I built a Screenshot & Metadata API that extracts 50+ fields from any URL

#python #api #webdev #javascript

I built a Screenshot/PDF API that does more than just screenshots. The metadata endpoint extracts 50+ fields from any URL — OG tags, Twitter Card, JSON-LD, content analysis, and more.

What it does

URL to Screenshot — capture any webpage as PNG, JPEG, or WebP
URL to PDF — generate PDFs with custom format, margins, orientation
Metadata Extraction — 50+ fields from any URL (see below)
HTML to Image — render custom HTML/CSS to PNG/JPEG/WebP

The Metadata Endpoint

This is what makes it different.
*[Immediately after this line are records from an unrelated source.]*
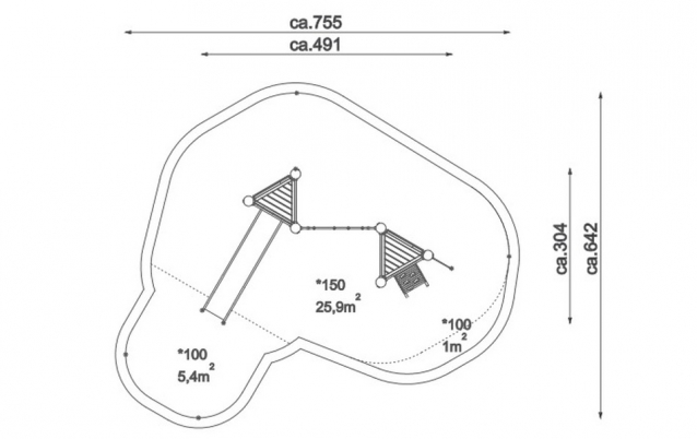 Urządzenia serii Robinia są wykonane z naturalnego drewna akacjowego, dlatego ich wymiar oraz wymiar stref bezpieczeństwa może różnić się o kilka centymetrów od podanych wymiarów.
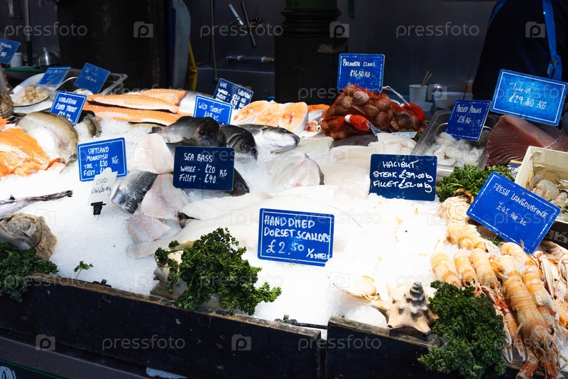 Сырая рыба и моллюски на лондонском продовольственном рынке
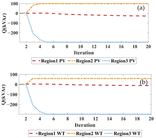 Based on the updated mode mapping matrix, each region applies the gradient descent method to solve the objective function given by Equations (13)–(19), deriving the iterative calculation formula for the DG reactive power output as follows:
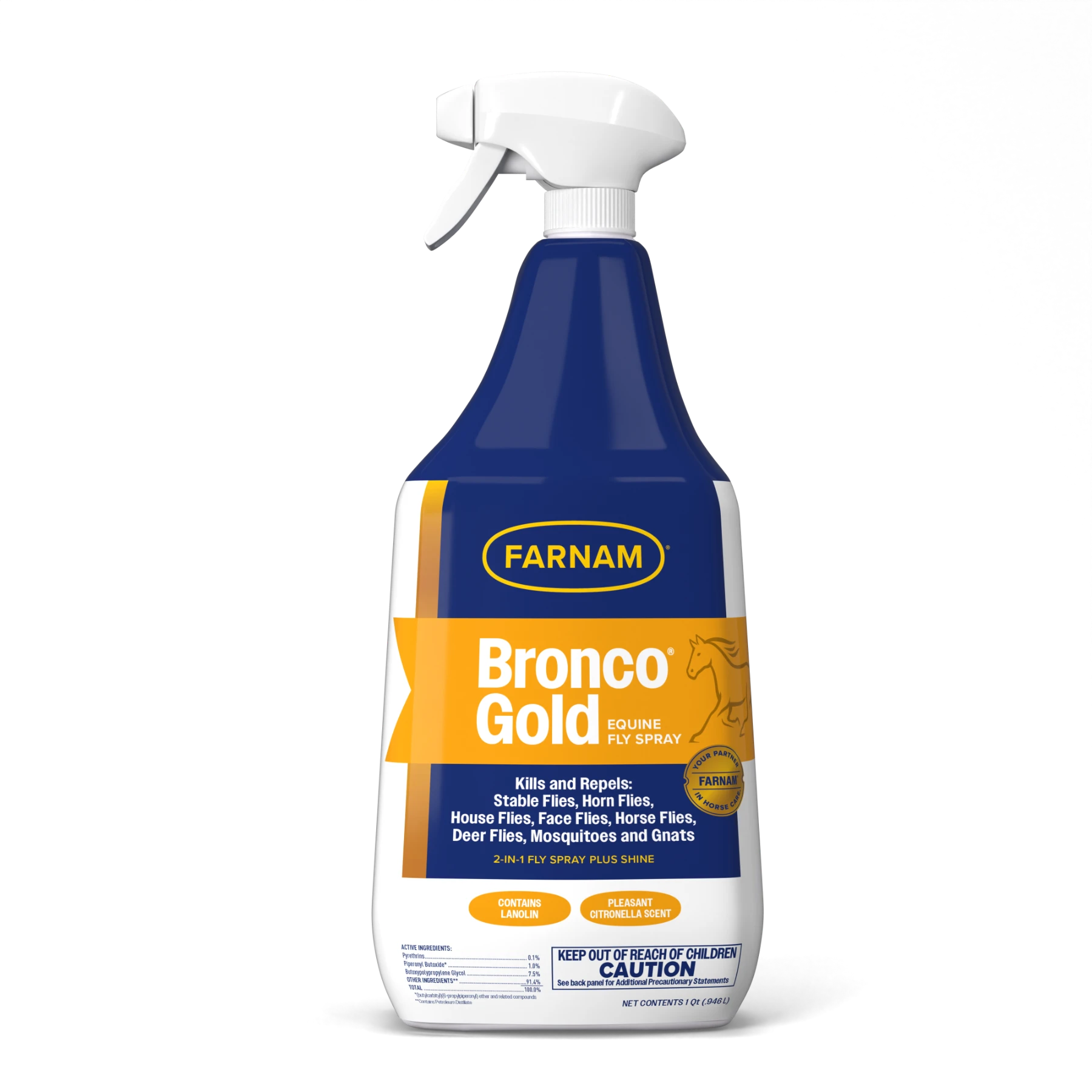 Fly spray has never looked this good! Bronco Gold Equine Fly Spray is a 2-in-1 fly spray that doubles as a coat conditioner and grooming aid for horses. Keep your horse protected while giving them a healthy, shiny coat that looks good to everyone except flies. Horse owners know it takes more than a few different tricks and products to maintain a No Fly Zone. With Bronco Gold Equine Fly Spray, you can provide effective protection and grooming in one convenient bottle. Don’t be fooled by the glossy hair and pleasant citronella scent, this fly spray is a fast-acting insecticide and repellent that kills and repels six types of flies, gnats and mosquitoes. To get the best out of the 2-in-1 solution, simply remove excess dirt and spray or wipe on the product. After applying, brush out your horse’s coat thoroughly to bring out a bright sheen on their hair. You can also apply Bronco Gold Equine Fly Spray as a fine mist spray around your stable area for fast fly treatment. Treat your horse to a bug-free coat with a healthy shine with Bronco Gold Equine Fly Spray.
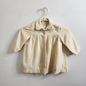 Vintage 1960s Beige Velvet Floral Embroidered Jacket Coat 60s Cottagecore mcm
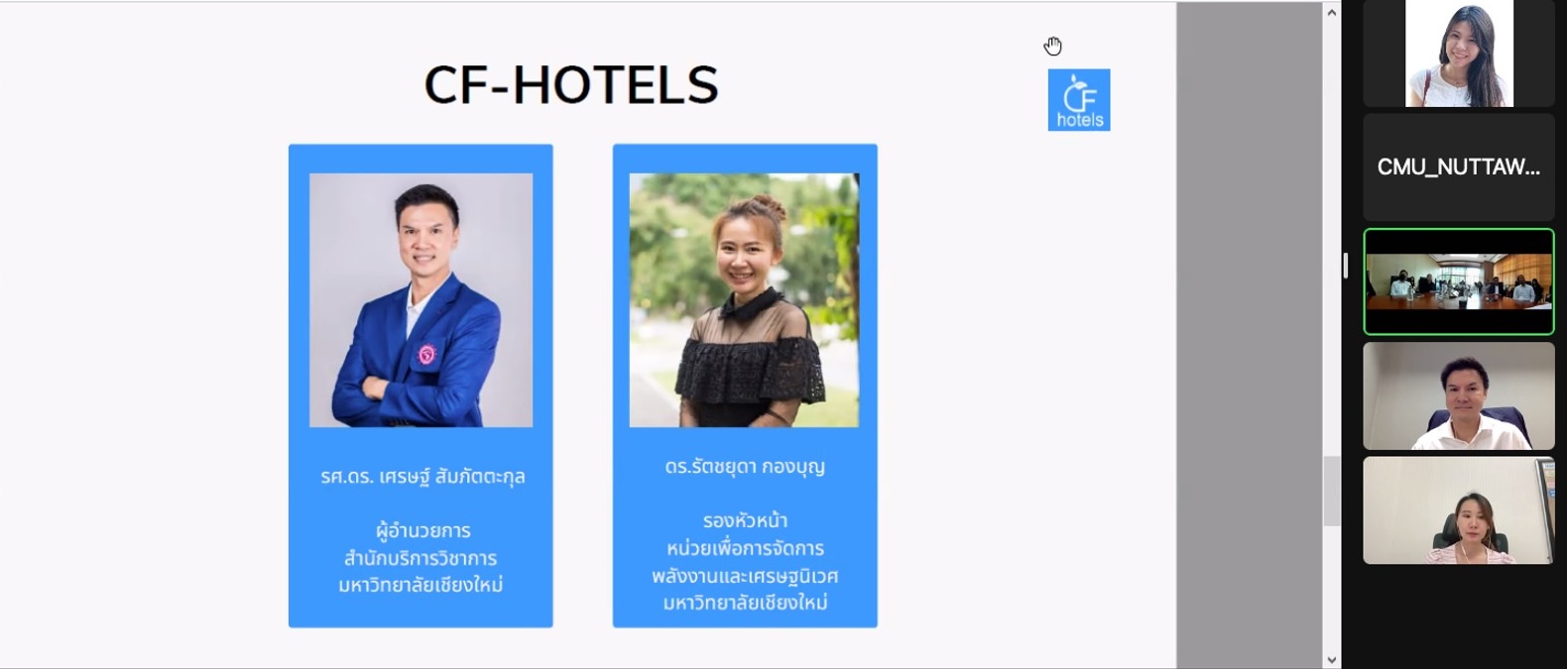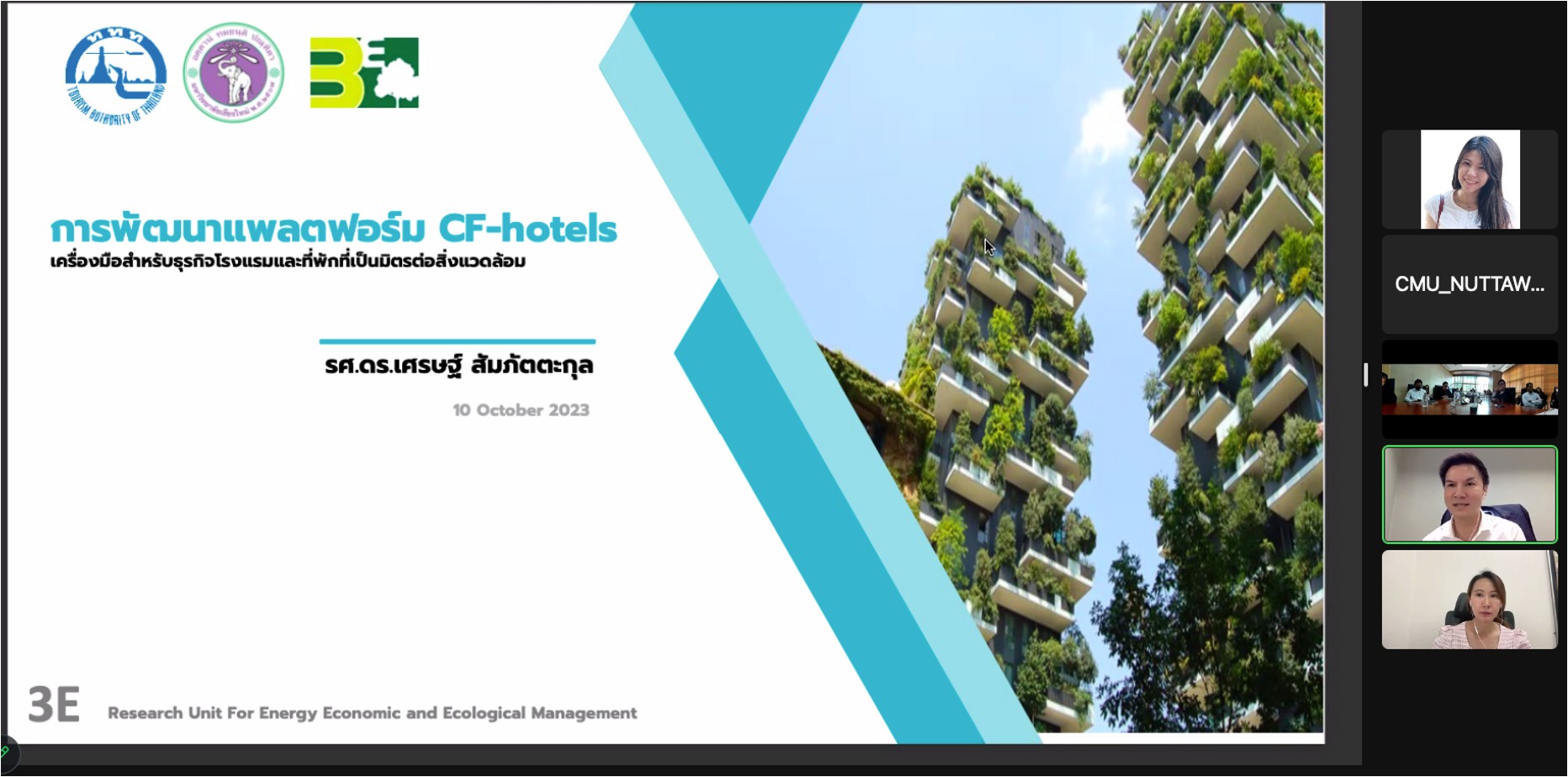 หน่วยวิจัย (3E) ร่วมกับ ททท. จัดกิจกรรมการอบรมเชิงปฏิบัติการการสร้างฐานข้อมูลบัญชีรายการสิ่งแวดล้อมบนแพลตฟอร์มออนไลน์ CF-Hotels (CF-Hotels x Ratchaprasong District x CMU)
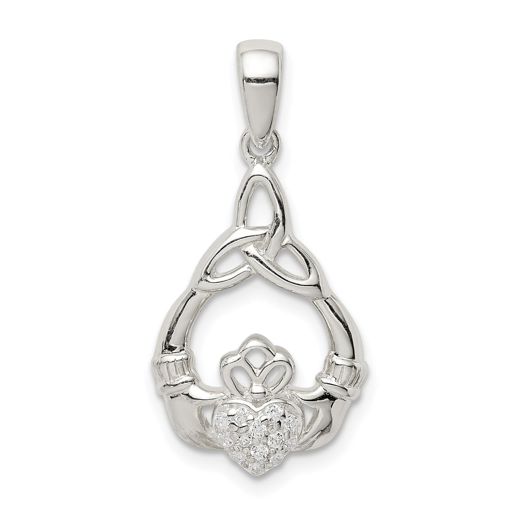 Sterling Silver Polished CZ Claddagh w/Trinity Knot Pendant

A single GET request extracts:

Basic SEO:
title, description, keywords, author, language, charset, viewport, robots, canonical URL, generator

Open Graph:
og:title, og:description, og:image (+ dimensions), og:url, og:type, og:site_name, og:locale

Twitter Card:
card type, title, description, image, @site, @creator

Icons & Theme:
favicon, apple-touch-icon, manifest, theme-color, color-scheme

Content Analysis:
first h1 text, h2 count, internal links count, external links count, images count, images without alt text, forms count, scripts count, stylesheets count, word count

Structured Data:
JSON-LD (Schema.org) parsed and returned

Feeds:
RSS/Atom feeds auto-detected

Raw dump:
All meta tags as key-value pairs

Quick Start (Python)

import requests

headers = {
    "X-RapidAPI-Key": "YOUR_KEY",
    "X-RapidAPI-Host": "screenshot-pdf-api.p.rapidapi.com"
}

# Screenshot a website
response = requests.get(
    "https://screenshot-pdf-api.p.rapidapi.com/v1/screenshot",
    headers=headers,
    params={"url": "https://github.com", "width": 1280, "format": "png"}
)

with open("screenshot.png", "wb") as f:
    f.write(response.content)

print(f"Saved {len(response.content)} bytes")

Quick Start (JavaScript)

// Screenshot
const response = await fetch(
  "https://screenshot-pdf-api.p.rapidapi.com/v1/screenshot?url=https://github.com&format=png",
  {
    headers: {
      "X-RapidAPI-Key": "YOUR_KEY",
      "X-RapidAPI-Host": "screenshot-pdf-api.p.rapidapi.com"
    }
  }
);
const blob = await response.blob();

// Metadata
const meta = await fetch(
  "https://screenshot-pdf-api.p.rapidapi.com/v1/metadata?url=https://github.com",
  {
    headers: {
      "X-RapidAPI-Key": "YOUR_KEY",
      "X-RapidAPI-Host": "screenshot-pdf-api.p.rapidapi.com"
    }
  }
);
const data = await meta.json();
console.log(data.data.title); // "GitHub · Build and ship software..."
console.log(data.data.og_image); // "https://..."
console.log(data.data.word_count); // 834

cURL

# Screenshot
curl -o screenshot.png \
  -H "X-RapidAPI-Key: YOUR_KEY" \
  -H "X-RapidAPI-Host: screenshot-pdf-api.p.rapidapi.com" \
  "https://screenshot-pdf-api.p.rapidapi.com/v1/screenshot?url=https://github.com"

# Full page capture
curl -o fullpage.png \
  -H "X-RapidAPI-Key: YOUR_KEY" \
  -H "X-RapidAPI-Host: screenshot-pdf-api.p.rapidapi.com" \
  "https://screenshot-pdf-api.p.rapidapi.com/v1/screenshot?url=https://en.wikipedia.org&full_page=true"

Endpoints

Endpoint	Description	Tier
GET /v1/screenshot	Screenshot URL to PNG/JPEG/WebP	Free
GET /v1/health	API status & queue depth	Free
GET /v1/pdf	Generate PDF from URL	Basic
GET /v1/metadata	Extract 50+ metadata fields	Basic
POST /v1/screenshot/html	Render HTML/CSS to image	Pro

Screenshot Parameters

Param	Default	Description
url	required	URL to capture
width	1280	Viewport width
height	800	Viewport height
format	png	png, jpeg, webp
quality	85	JPEG/WebP quality (1-100)
full_page	false	Capture entire scrollable page
delay	0	Wait N seconds before capture (0-5)
selector	null	CSS selector to capture specific element